→ TASK INPUTS:
____________

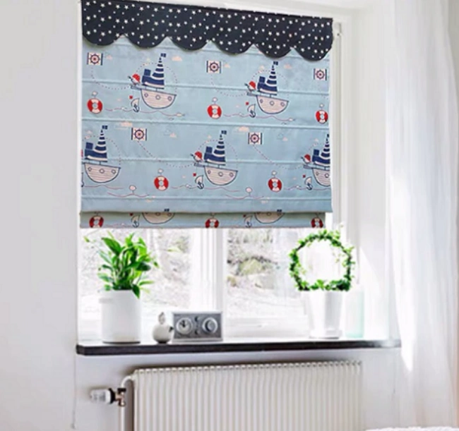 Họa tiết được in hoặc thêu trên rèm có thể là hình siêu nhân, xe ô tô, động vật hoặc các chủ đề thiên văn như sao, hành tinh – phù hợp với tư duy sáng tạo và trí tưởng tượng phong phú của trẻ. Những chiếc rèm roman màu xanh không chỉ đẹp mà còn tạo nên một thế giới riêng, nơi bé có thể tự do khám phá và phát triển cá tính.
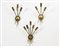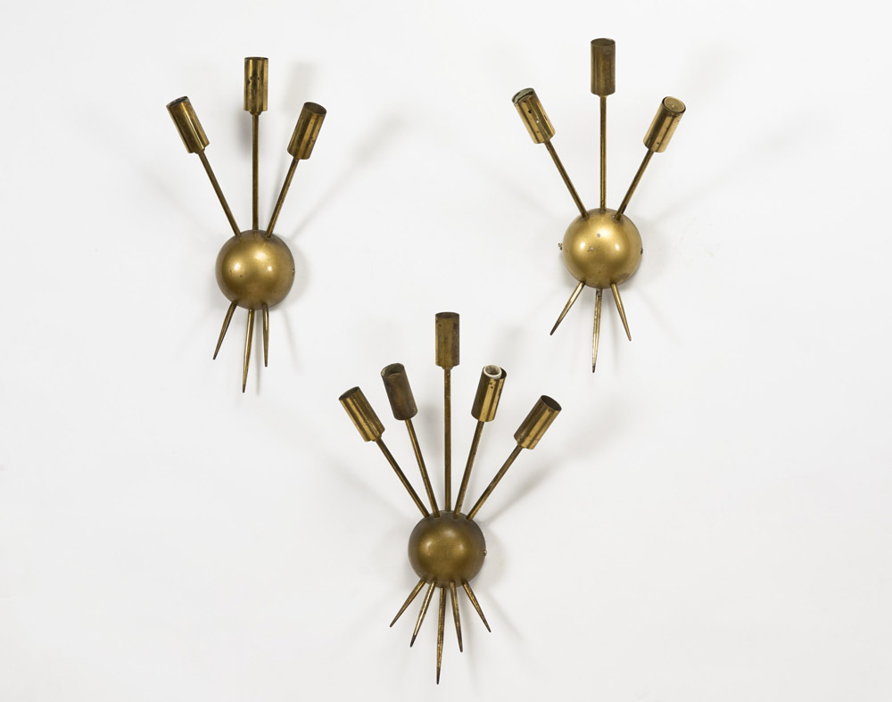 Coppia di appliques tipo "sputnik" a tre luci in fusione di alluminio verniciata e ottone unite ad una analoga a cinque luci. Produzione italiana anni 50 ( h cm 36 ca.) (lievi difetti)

____________

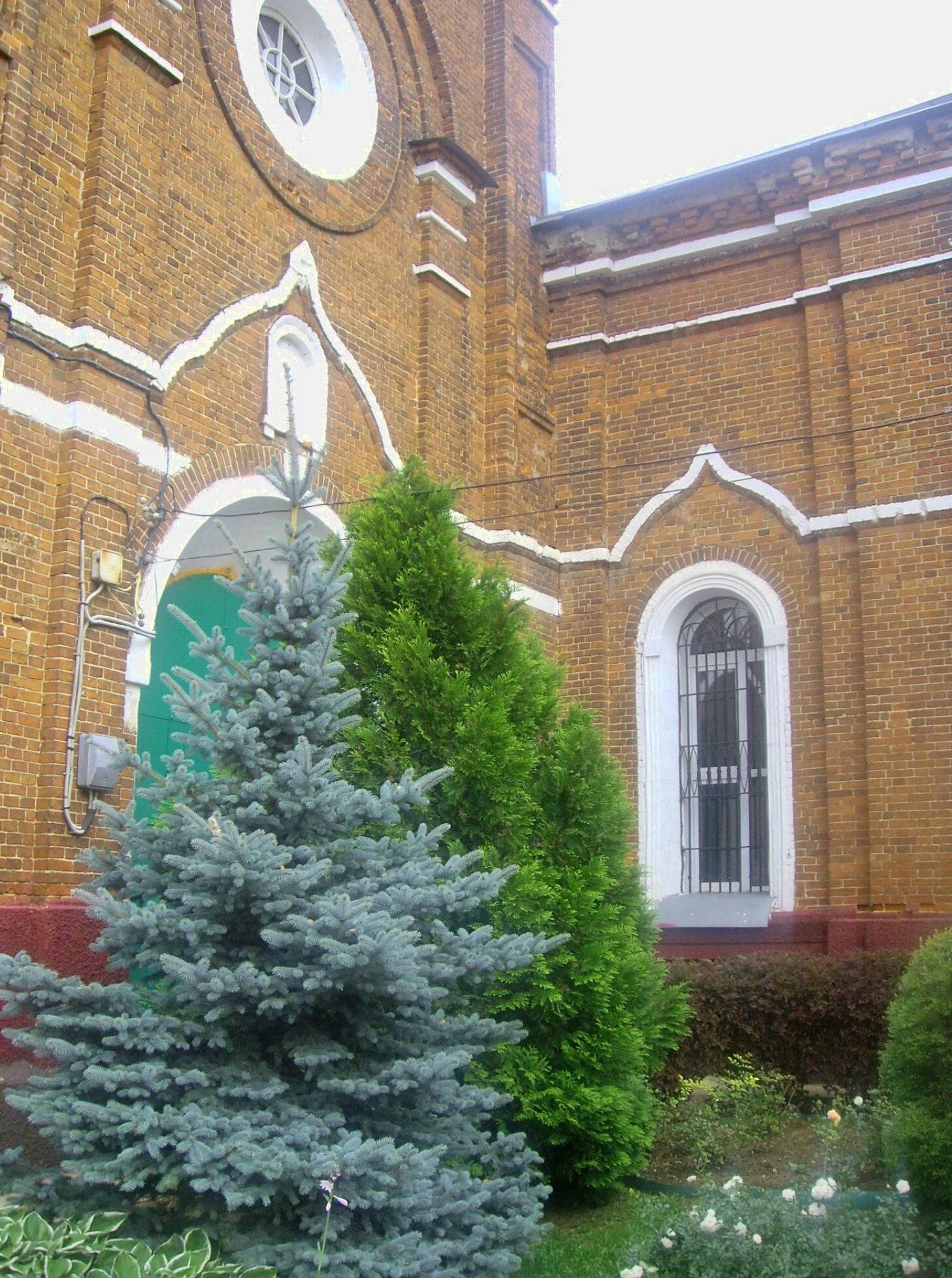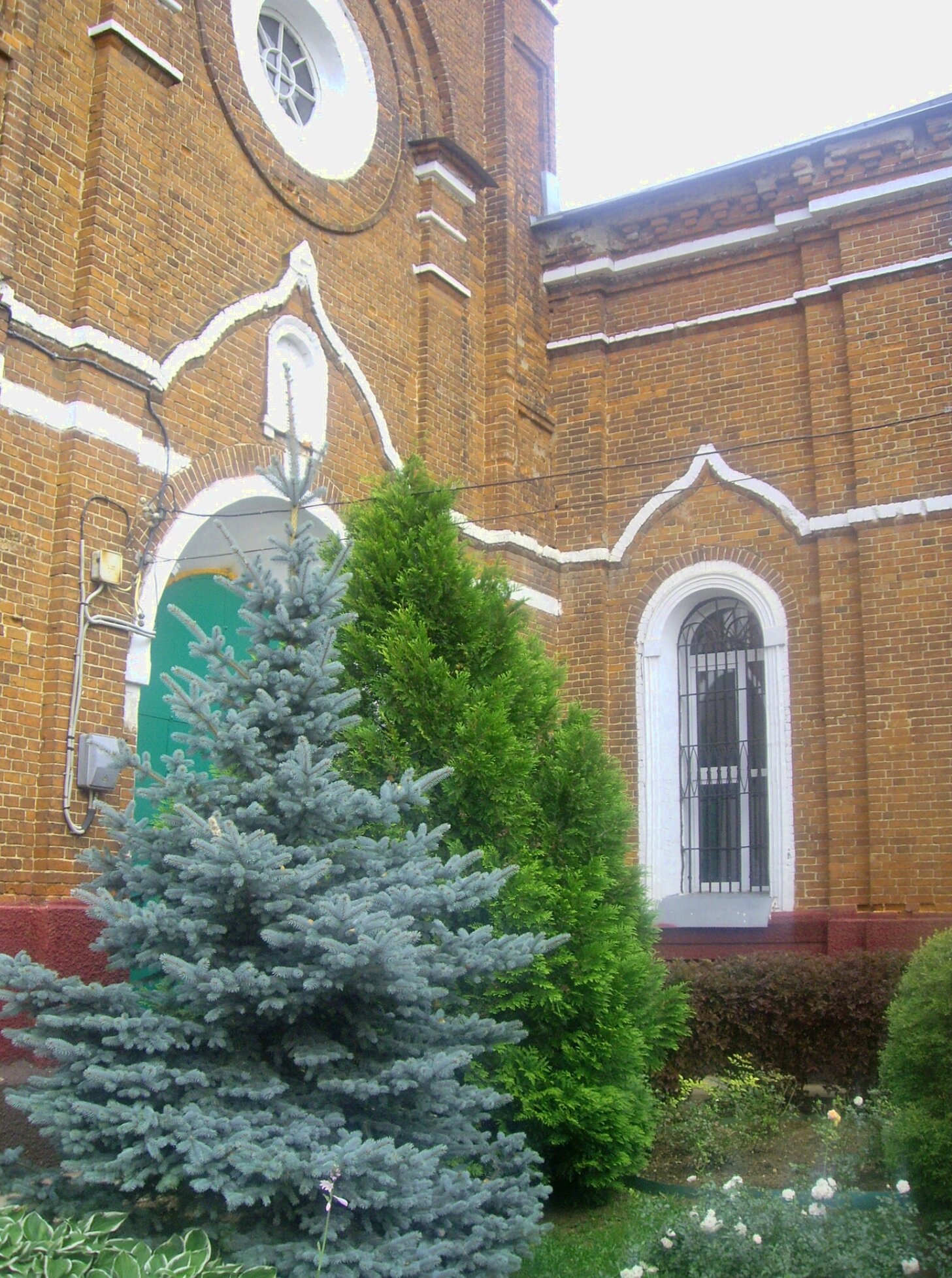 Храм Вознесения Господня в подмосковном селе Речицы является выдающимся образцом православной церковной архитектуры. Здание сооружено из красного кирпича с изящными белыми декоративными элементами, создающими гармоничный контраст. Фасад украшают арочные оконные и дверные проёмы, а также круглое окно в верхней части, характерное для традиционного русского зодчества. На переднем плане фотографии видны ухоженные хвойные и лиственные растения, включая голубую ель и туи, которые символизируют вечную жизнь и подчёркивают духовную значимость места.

____________

Taking the records above, print only and exactly the lines from the line with "Họa tiết được" to the line with "Coppia di appliques", both kept, and exclude pictures.

→ WRITTEN REPLY:
 Họa tiết được in hoặc thêu trên rèm có thể là hình siêu nhân, xe ô tô, động vật hoặc các chủ đề thiên văn như sao, hành tinh – phù hợp với tư duy sáng tạo và trí tưởng tượng phong phú của trẻ. Những chiếc rèm roman màu xanh không chỉ đẹp mà còn tạo nên một thế giới riêng, nơi bé có thể tự do khám phá và phát triển cá tính.
 Coppia di appliques tipo "sputnik" a tre luci in fusione di alluminio verniciata e ottone unite ad una analoga a cinque luci. Produzione italiana anni 50 ( h cm 36 ca.) (lievi difetti)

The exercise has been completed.